Multi-beam antenna based on electrically controllable parasitic radiators
Technical Field
The invention relates to the technical field of antennas, in particular to a multi-beam antenna based on an electrically controllable parasitic radiator.
Background
The rapid development of wireless communication systems over the last decade, the popularity of 4G and 5G technology applications and the high-speed growth of the number of wireless communication users have led to a proliferation of mobile data traffic and the need to connect more and more wireless devices and sensors. Modern communication systems are urgently required to sufficiently improve spectrum utilization within very limited spectrum resources. Beamforming technology is a signal processing technology that directionally transmits and receives signals using a specific antenna or an array antenna. By adjusting the parameters of the basic elements of the phased array or changing the performance of the antenna, signals at certain angles obtain constructive interference, while signals at other angles obtain destructive interference. Beamforming can be used for both signal transmitting and receiving ends. Electrically controllable parasitic radiators are widely used in the design of beamforming antennas due to their controllable, varying characteristics.

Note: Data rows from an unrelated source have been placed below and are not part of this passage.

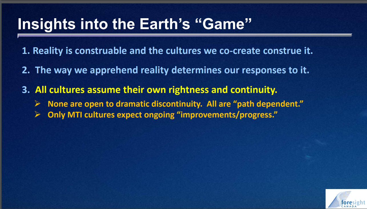 All cultures assume their own rightness and continuity. None are open to dramatic discontinuity. All are path-dependent, and only MTI cultures expect ongoing "improvements" in progress.
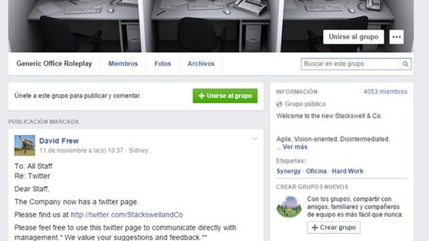 Si quieres unirte a Stackswell & Co. tienes que presentar tu candidatura en el grupo de la red social de Zuckerberg Generic Office Roleplay,Generic Office Roleplay el juego de rol de una oficina común. Entrarás a formar parte de una compañía que nació en Australia pero que, desde su fundación el pasado mes de agosto por un adolescente, Thomas Oscar, en sus ratos de intenso aburrimiento, ha logrado una rápida expansión internacional. Tiene empleados en EE.UU., Canadá, Japón, India, Finlandia o Costa Rica. Una empresa ágil y abierta, enfocada hacia los trámites, la burocracia y la eficiencia, términos contrapuestos pero que conviven en cualquier firma que se precie.
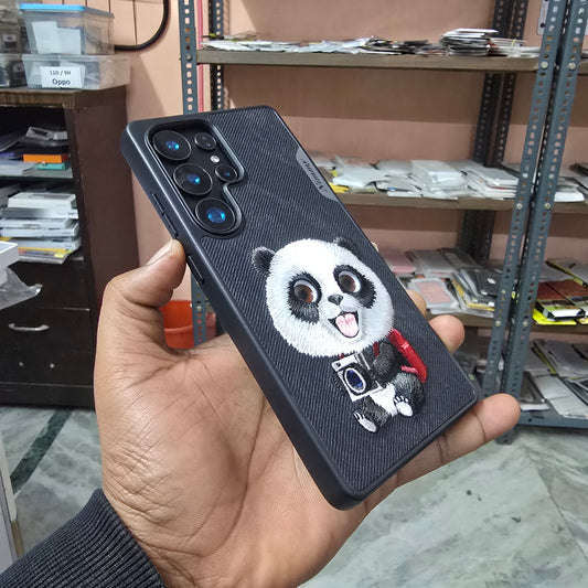 Samsung Galaxy S25 Ultra Nimmy Case, 3D Embroidery Cute Panda Leather Case with Moving Eyes - Black

In recent years, in order to design a multi-beam antenna with simple structure, wide scanning range, and high gain, and good performance, researchers have proposed many methods using electrically controllable parasitic radiators, and many of them have demonstrated good performance: realizing beam forming and beam steering; however, this technique has some disadvantages: the introduction of parasitic elements can cause additional resonance or split resonant modes, the impedance characteristics of the antenna can be affected by the strong coupling when the driving antenna and the parasitic element are closely spaced, and the antenna structure is complicated by the large loading of diodes to the parasitic patch.
Disclosure of Invention
The invention aims to overcome the defects of the prior art and provides a multi-beam antenna based on an electrically controllable parasitic radiator, wherein an electrically controllable parasitic patch is designed by loading a varactor in the center of the parasitic patch to realize beam steering, and after the influence of the distance between a driving patch and the parasitic patch and the width of the parasitic patch on the radiation performance is researched, a structure with the best radiation performance is selected, so that the whole antenna has the advantages of simple and reliable structure, small volume, low cost, good characteristics and excellent performance on steering angle and gain.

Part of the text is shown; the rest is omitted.